Often times we want to write our plans and goals alone without reckoning the fact that our decisions or new plans will always affect the lives of another person who can walk away from us. We are even already one and should not do things separately. Even when you have to do things separately it is very important for your spouse to know about it.
That might be a great place to start the resolution you will need to make as a couple in this New Year. You both have to decide and agree that you will do more things together. I have been in a number of meetings where married people are discussing and I see that people are still very afraid to share information with their spouses.
There are those who have some money stashed up somewhere that their spouses don’t know about. Some are afraid that whatever information is disclosed to their spouses will become public knowledge. A few others say their spouses are spendthrifts and once they know about the things they have, there is the possibility that resource will soon dry up.
While those concerns are really genuine, I think that you have to help your spouse for those who have not been jointly making decisions. Sometimes when things go wrong, you will find that your concerns are really small compared to the consequences you both have to suffer or at least one person has to endure because you both did not share information with each other.
If you are married then you need to address the issue of trust and once that is cleared you have to ensure that you work together. When I wrote some plans this year I had to show my wife those plans. That’s very important because she will be affected by my decisions and by new plans. I can’t just say it’s my life and can do what I choose to. We need to move along in every phase and there is more peace at home when everything is laid bare without anyone feeling suspicious of another for any reason at all.
There are different resolutions you can make together and they can begin with some of the questions I opened with. You can make resolutions on your finances and have a solid plan to stick with them. You both can make each other accountable. In some cases you will find that your resolution can work simply because you humbled yourself and became accountable to your spouse to make it happen.
When you look at what you have done in the past year and you notice there was a problem with communication, you can work out a plan and stick to a resolution to improve communication between you and your spouse. Bear in mind that any relationship with very little or no communication will die a natural death. That’s why you need to assess that and see what needs to be improved upon.
Both of you can set a project for yourself this year. If you make some good money and cannot tell where all the money is going then you have to sit down and talk. You need to decide on something tangible that you can put your resources into so that at the end of the year you will see where your money has gone to.
It is also possible that you may not be making enough money as a couple and you have bills to pay.

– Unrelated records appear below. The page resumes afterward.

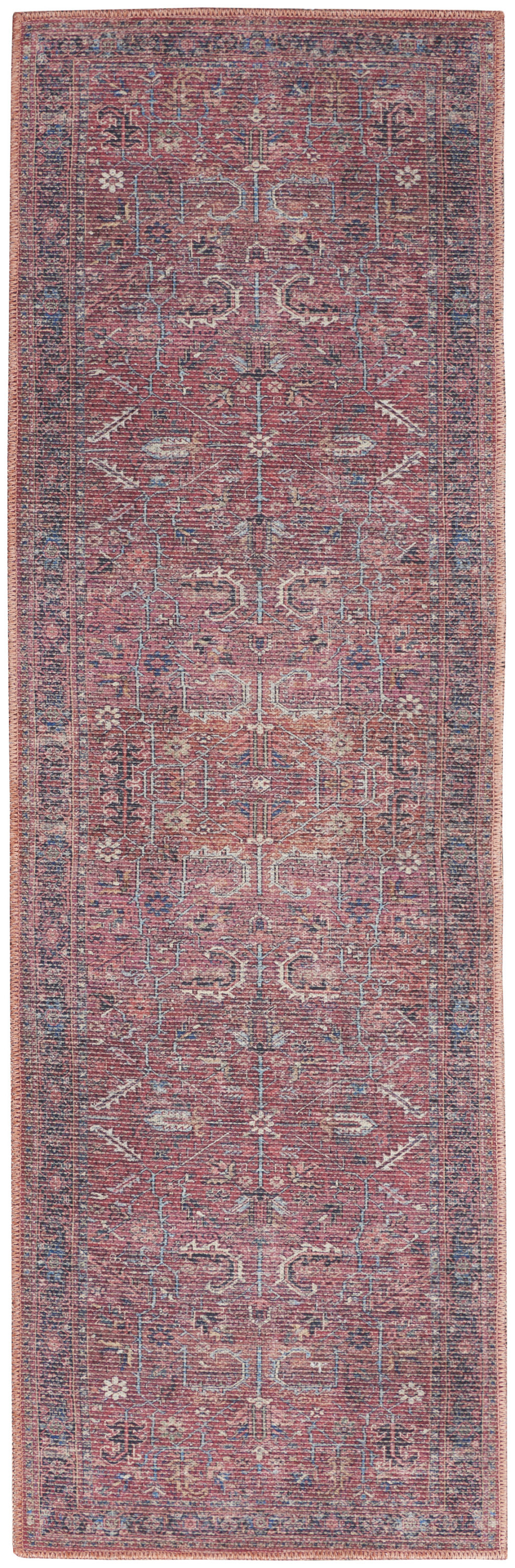 Set an inviting tone in your space with this 8-foot blue and red floral power loom distressed washable runner rug. This runner shaped rug features a floral design in blue and red to give it visual interest. A classic shape marries with good looking design for your space Area Rugs help to give warmth and sense of home to your space. 0.28-inch H x 26.00-inch W x 96.00-inch D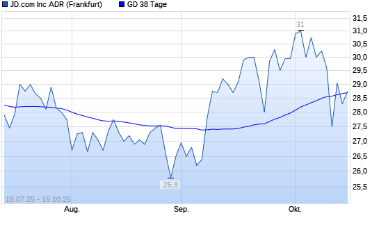 Mit dem Rücksetzer auf 28,30 EUR hat die JD.com-Aktie am 14.10.2025 die 38-Tage-Linie nach unten gekreuzt.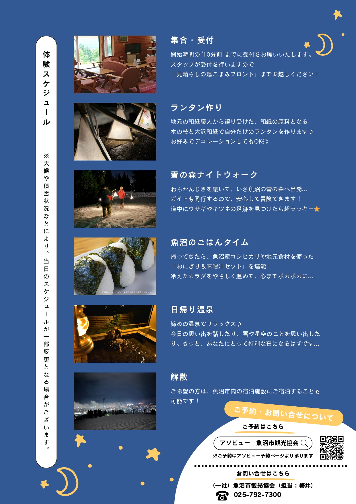 「魚沼市観光協会」へご連絡ください。(TEL:025-792-7300) ※天候や積雪状況などにより、当日のスケジュールが一部変更となる場合がございます。あらかじめご了承ください。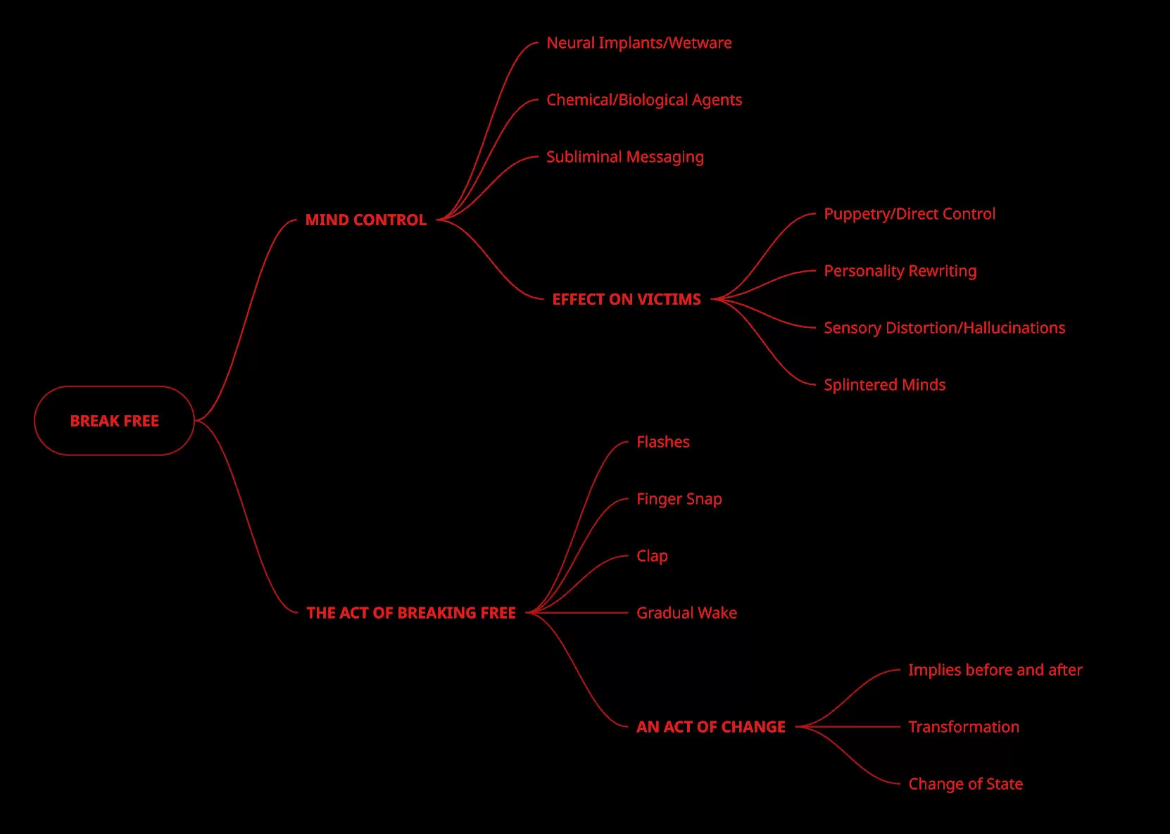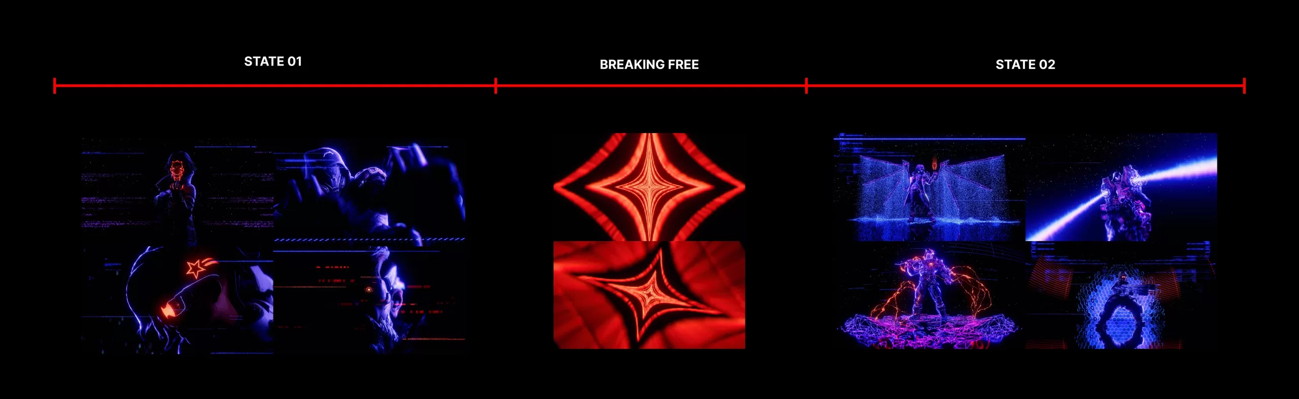 The “change of state” implied by breaking free led me to structure the animation in two phases: an initial, ominous silhouette stage representing confinement, followed by a transition into each character’s fully realized form, emphasizing strength and empowerment.

One of the things you need to do is to look out for investments that you both can be a part of. Look out for something that can become another source of income for the family so that you will not be hungry or be fighting over money every now and then.
For a lot of people in marriages, once their financial issues are sorted and spending habits are dealt with you can be certain they will have a blissful marriage till death separates them. Don’t let issues of common sense divide you and your spouse now or any other time. Come together and start agreeing on what to do and stick to it bearing in mind that the best coming out of it is for your relationship.